Al discorso di Mattarella va riconosciuto un merito sopra tutti: quello di aver posto in modo deciso la questione dell’Europa. Il Presidente ha stanato le ambiguità e il non-detto e ha obbligato i soggetti politici, da questo momento in poi, a manifestare chiaramente le proprie intenzioni circa l’Euro e la permanenza nell’Unione Europea. “Quella dell’adesione all’Euro – ha detto Mattarella – è una scelta di importanza fondamentale per le prospettive del nostro Paese e dei nostri giovani: se si vuole discuterne lo si deve fare apertamente e con un serio approfondimento. Anche perché si tratta di un tema che non è stato in primo piano durante la recente campagna elettorale”. Nella prossima campagna elettorale la questione-Europa sarà cenatrale. Che cosa è meglio per il futuro dell’Italia: stare dentro o uscire dall’Ue? Forse – come suggeriva il presidente – potrebbe essere sufficiente assumere “un atteggiamento vigoroso, nell’ambito dell’Unione europea, per cambiarla in meglio dal punto di vista italiano”. Lo decideranno gli italiani nelle prossime elezioni. La questione, in ogni caso, è grossa e va affrontata con ponderazione.

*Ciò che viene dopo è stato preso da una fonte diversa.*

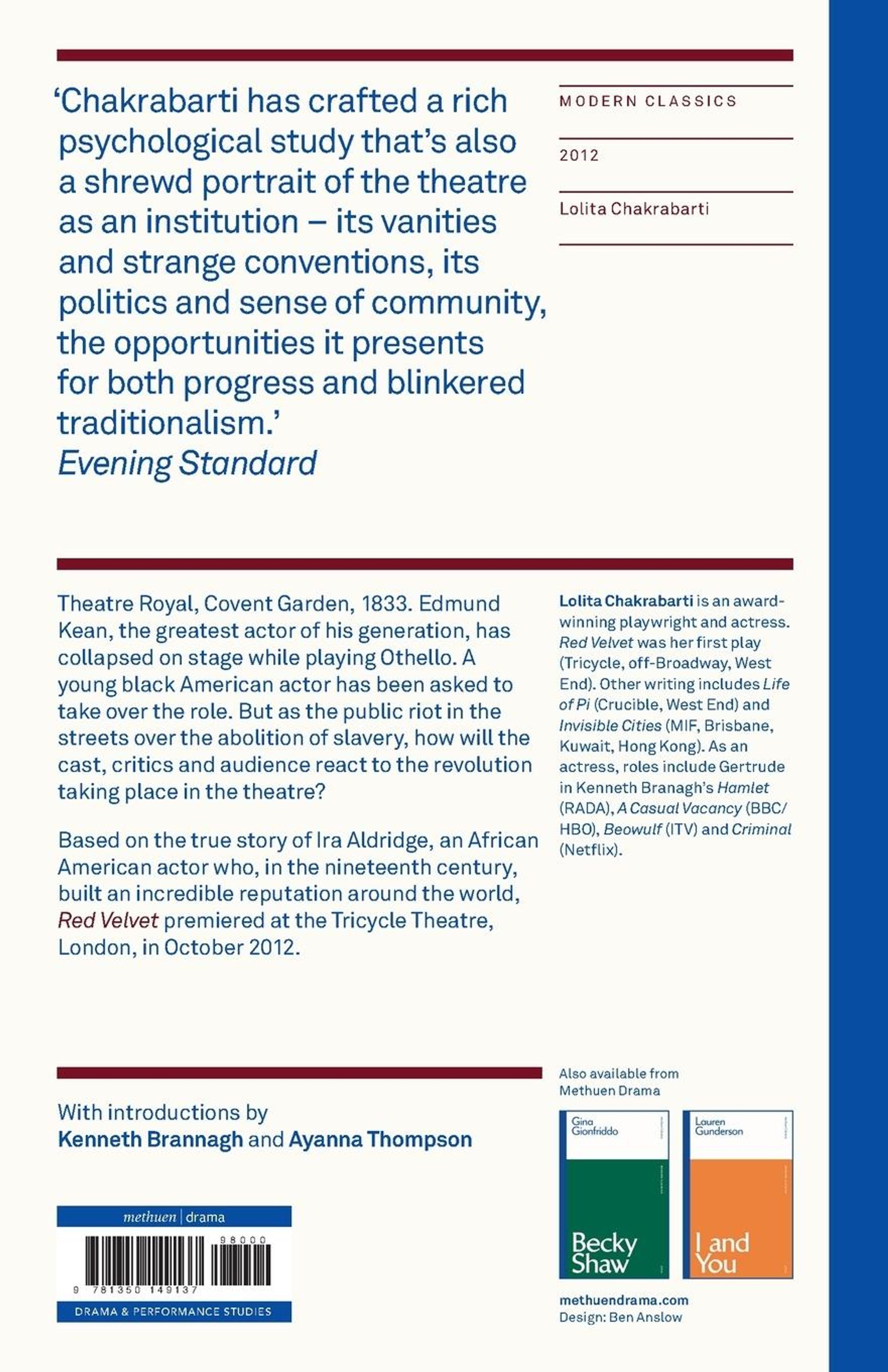 Based on the true story of Ira Aldridge, an African-American actor who, in the nineteenth century, built an incredible reputation around the world. Red Velvetpremiered at the Tricycle Theatre, London, in October 2012.

Ecco, ponderazione. Lo spettacolo cui stiamo assistendo da domenica sera non lascia intravedere grandi spiragli. L’atmosfera si è fatta pesante e si è incattivita. Mi riferisco alle inaccettabili minacce di morte rivolte al presidente della Repubblica, alla valanga di insulti che circolano su internet contro chi la pensa diversamente, alle facili accuse di tradimento, all’incompetenza di chi si improvvisa esperto di Costituzione o di economia internazionale e discetta su cose che non conosce, al proliferare di notizie false, cioè le solite “fake news” cui si continua ad abboccare (basti pensare al messaggio fatto circolare sui social circa i “limitati” poteri del Presidente della Repubblica oppure alle frasi attribuite falsamente al Presidente Pertini usate a sostegno delle proprie idee). Se da parte dei politici e dei singoli cittadini dell’uno o dell’altro schieramento non si abbassano i toni e non si cerca di guardare con più oggettività la situazione, il futuro rischia di complicarsi per tutti, senza garanzie di una possibilità di ritorno.